8) Combining Semantic Web and modelling approaches for organizing phenotyping data collected at different scales of plant organization
Contact: Llorenç Cabrera-Bosquet – Email: llorenc.cabrera-bosquet [AT] – Institute: INRA


In recent years, plant phenomics has generated massive datasets obtained in the field or in phenotyping platforms, at organ, plant or canopy levels. Such multi-origin, multi-scale datasets generate a massive problem for designing ontology-based information systems. The thesis consists in combining Semantic Web and modelling approaches to facilitate the mapping of concepts and ontologies at different levels of organization, thereby developing a framework for organising phenomic datasets. The PhD student will work at the interface between a biology group that has pioneered phenotyping approaches and a Mathematics-computer group specialist of data management. (i) He/she will adapt Semantic Web methods for expressing relationships between traits in field and greenhouse in such a way that software agents can query and integrate data originating from different contexts (e.g. greenhouse and field) and sources (e.g. databases and Web APIs).

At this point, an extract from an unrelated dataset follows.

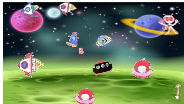
デジタル宇宙ぬりえ(イメージ)

This will involve exploring existing ontologies, using existing tools for ontology alignment and adapting querying mechanisms to the sources mentioned above. (ii) He/she will then develop ontology extensions from sets of equations that link variables at plant by expressing the operations as semantic properties able to link concepts at plant and canopy levels. In this way the “field” and “greenhouse” concepts will be automatically translated one to the other via the existing knowledge expressed as equations. Proof of concepts will be carried out at each step by using existing datasets, for testing to what extent the conceptual framework developed in the thesis allows assembling datasets from different phenomic platforms in greenhouse and fields. This will allow mapping concepts able to cross scales of organisation and to create dynamic links between traits, with the final aim to re-use knowledge acquired in different contexts. The thesis will focus on traits associated with canopy development.


10) Data analysis from the connected beehives of beekeepers
Contact: Fabrice Allier – Email : fabrice.allier [AT] – Institute: ACTA

Summary :

The proposed study focuses on the analysis of data from electronic and connected scales measuring real-time hive weight. The student of this multidisciplinary thesis will be led by the ZENITH unit of INRIA and co-supervised by technical (ACTA / ITSAP-Institute of honeybee) and scientific structures (INRA, Bees and Environment unit). Together, we will attempt to develop and test the temporal dynamics of a hive’s weight to predict the colony’s ability, influenced by biotic and abiotic factors, to exploit available nectar resources within a given foraging radius. This will include taking into account conventional meteorological data. We will use robust methods to analyze large time series of data to create a predictive indicator to objectively support beekeepers for the installation and monitoring of honey production apiaries. More specifically, we will develop a matrix profile index on multidimensional and heterogeneous time series, which will be adapted to the data processed in this project. This study will focus on data mining (axis 5) and modeling (axis 6). Finally, we aim to provide beekeepers with decision support tools based on predictive models that value the real-time data of the network of equipped hives in order to facilitate the management of their production. The results will be evaluated individually by the beekeeper, but a collective valorization is also envisaged by constituting regional indicators.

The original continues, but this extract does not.